In recent years, increasing attention has been paid to research integrity in orthodontics, including transparency in reporting, the disclosure of funding sources, protocol registration, and adherence to recognized reporting guidelines [
20,
21,
22]. Interpretative practices such as ‘spin,’ defined as selectively presenting, emphasizing, or framing results to make findings appear more favorable, have been documented as a form of reporting bias that can distort the evidence base and mislead clinicians [
23,
24,
25]. These concerns are particularly relevant in the context of TMD research, where study heterogeneity and subjective outcomes are common.

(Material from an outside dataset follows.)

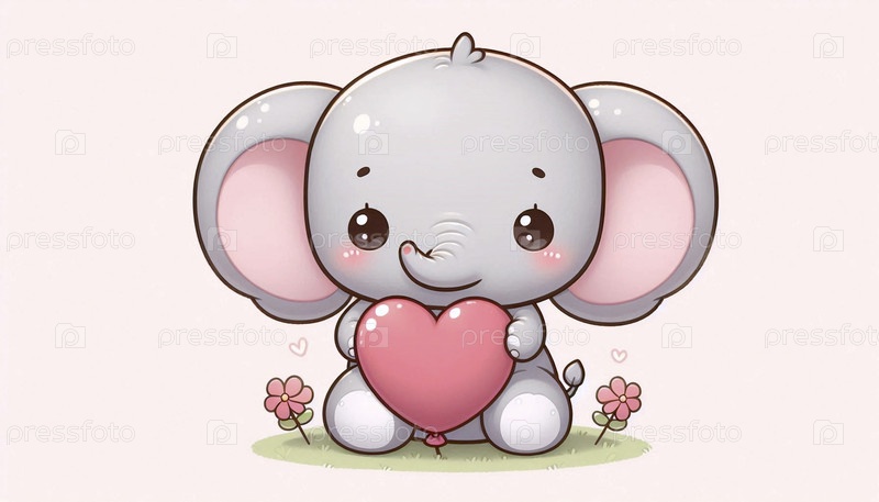 Милый слоненок с воздушным шаром, Ai generated image

This issue is particularly relevant because clinicians frequently rely on abstracts as their primary source of information. Multiple studies have shown that physicians read only the abstract for roughly two-thirds of the articles they encounter, using it to determine clinical relevance or whether to pursue the full text [
26,
27,
28,
29]. Time constraints, information overload, and limited access contribute to this selective reading behavior, and when full articles are read, attention often centers on the conclusion or results rather than methodological details [
28,
30]. Because abstracts may omit important limitations or inconsistencies, overinterpretation or “spin” in abstracts has a disproportionate potential to shape clinical impressions and decision-making [
26,
27,
29].
Nonetheless, existing meta-research in orthodontics has typically examined transparency and spin either within single subspecialties or across heterogeneous collections of randomized trials, without explicitly contrasting TMD/TMJ-focused orthodontic RCTs with general orthodontic RCTs [
20,
21,
22,
23,
24,
25]. As a result, it remains unclear whether TMD/TMJ trials are characterized by systematically different transparency profiles or spin patterns compared with the broader orthodontic literature. Clarifying this gap is important for interpreting the strength of evidence in a clinically controversial area.

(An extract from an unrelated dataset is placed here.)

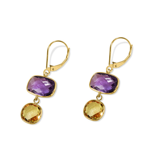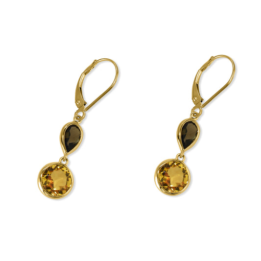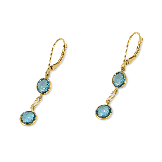 14k Swiss Blue Topaz Round and Oval Dangle Leverback Earring
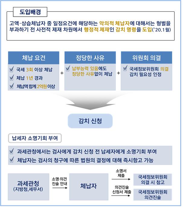 고액・상습체납자 감치 신청 대상 및 절차/자료제공=국세청

Accordingly, the present systematic review and meta-analysis aimed to assess and compare the methodological quality, transparency, reporting practices, and prevalence of spin in studies focused on TMD versus general orthodontic research. By evaluating patterns of study rigor and interpretive reporting across these two domains, this review sought to determine whether systematic methodological differences exist and to clarify whether the evidence base for TMD in orthodontics adheres to the principles of transparency and evidence-based practice.
2. Materials and Methods
2.1. Protocol and Reporting Framework
This systematic review and meta-analysis followed the PRISMA 2020 guidelines (
Supplementary checklist) to ensure methodological transparency and reproducibility at each stage. The protocol was prospectively registered in the International Prospective Register of Systematic Reviews (PROSPERO 4201024184). After registration and before data extraction, two minor protocol deviations were introduced. First, the TMD/TMJ search strategy was broadened to include additional synonyms and free-text variants for temporomandibular terminology to improve the retrieval of orthodontic TMD trials. Second, the author list was updated (one initially listed author withdrew and another joined the review team) to reflect the final study team. These modifications did not alter the review question, eligibility criteria, outcomes, or planned analytical framework. A summary of protocol amendments, with dates and justifications, is provided in
Supplementary Table S4.
2.2. Eligibility Criteria
Eligible studies were limited to human clinical research in orthodontics published in peer-reviewed journals. Randomized controlled trials (parallel, split-mouth, crossover, and cluster designs), quasi-randomized controlled trials, and prospective controlled clinical trials were eligible. Quasi-randomized designs were defined as trials using a systematic but non-random allocation method (e.g., alternation, date of birth, or clinic day). Trials in which allocation clearly reflected clinician or patient preference without a predefined allocation rule were considered non-randomized and were excluded.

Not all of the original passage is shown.